Maximum size of floating particles in different flotation cells
Minerals Engineering, 2011
Two flotation models, particle at the liquid-gas interface and particle-bubble aggregate, both based on balance of forces, were used for evaluation of experimental data relating the maximum size of floating particles d max and their advancing contact angle. It was noticed, by comparing the experimental and model data, that for a given flotation device and material the maximum size of floating particle d max increases with increasing particle hydrophobicity and at the same time the acceleration a, experienced by the d max particle at the moment of rupture, decreases with particle hydrophobicity. The acceleration values change with cell dynamics and type of flotation device and are usually not available, therefore empirical apparent cell constants A, which characterize flotation dynamics and relate particle acceleration with advancing contact angle have been proposed instead.

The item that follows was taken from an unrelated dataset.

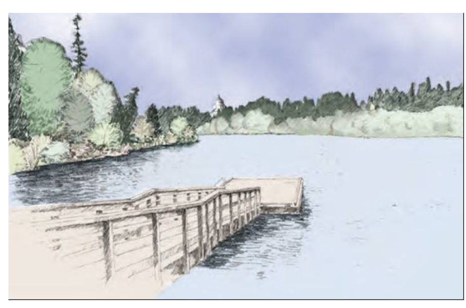
Artist's concept of Managed Lake Alternative

Under this alternative, ongoing CLAMP management actions would continue. These would include:
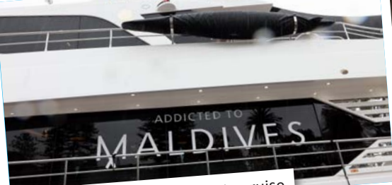
GUESTS enjoyed a private cruise around the harbour.

The values of A were determined by evaluation of experimental data relating d max and advancing (detachment) contact angle for constant: particle density, medium density, surface tension, and flotation cell dynamics. Since A depends on particle density, a tentative formula was proposed to link A with density-independent flotation cell constant A o. The values of A o for selected flotation cells were calculated and presented. Using quartz as an example, it was shown in the paper that a positive advancing contact angle does not guarantee flotation because a prerequisite for flotation is non-zero receding contact angle.